Tide: A Path to Better Code across the WordPress Ecosystem

The 'Tide' logo.

Involve yourself in enough WordCamps, meetups and community forums, and you start to notice a trend. The same kind of question is asked over and over. It sounds something like…

What plugin should I install to do {feature}?

WordPress users have the world’s most popular CMS, with 29% of the web under its wing and 53,000+ plugins, yet there is still a confidence gap when choosing plugins and themes. Right now, WordPress does a great job of providing plugin and theme information related to:

  • The features
  • The support you receive
  • User reviews

These are all part of what makes a good plugin or theme, but there is an important piece missing. This piece of information answers the question…

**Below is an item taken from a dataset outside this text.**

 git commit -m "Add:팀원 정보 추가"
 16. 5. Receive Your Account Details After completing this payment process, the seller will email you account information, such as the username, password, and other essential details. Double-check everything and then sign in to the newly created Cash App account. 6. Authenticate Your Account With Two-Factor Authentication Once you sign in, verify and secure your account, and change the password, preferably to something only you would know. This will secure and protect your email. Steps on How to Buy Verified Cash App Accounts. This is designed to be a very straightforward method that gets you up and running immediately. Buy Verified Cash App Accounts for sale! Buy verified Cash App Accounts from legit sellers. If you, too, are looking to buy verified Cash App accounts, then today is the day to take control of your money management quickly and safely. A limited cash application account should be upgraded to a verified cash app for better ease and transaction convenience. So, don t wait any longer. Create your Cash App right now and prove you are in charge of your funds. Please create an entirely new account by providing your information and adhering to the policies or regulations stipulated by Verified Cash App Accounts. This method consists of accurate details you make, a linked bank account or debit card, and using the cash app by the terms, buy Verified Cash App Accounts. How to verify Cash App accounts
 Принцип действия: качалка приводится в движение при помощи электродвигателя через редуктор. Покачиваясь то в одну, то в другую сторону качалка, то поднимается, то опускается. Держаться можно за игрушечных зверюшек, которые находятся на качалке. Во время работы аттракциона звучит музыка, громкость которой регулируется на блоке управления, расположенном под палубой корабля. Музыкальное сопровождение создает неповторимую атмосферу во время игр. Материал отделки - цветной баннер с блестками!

Will the code I’m about to install break or put my site at risk?

A plugin or theme could deliver the exact range of features you need, with great support, and positive reviews, but if the quality of code it contains is poor, you risk the integrity of your website. A single line of good code can unlock potential for you and your website, but bad code can trigger untold calamity.

Unfortunately, the barrier of entry to writing good code is higher than we would like to admit.

The good news

We believe there’s a way to streamline complex web engineering processes around code quality into elegant tools that all WordPress users – from builders to admins to developers – can understand. Tools that empower users to make better decisions on the plugins and themes they install on their sites. Tools that equip developers to easily spot problems and craft a better class of code.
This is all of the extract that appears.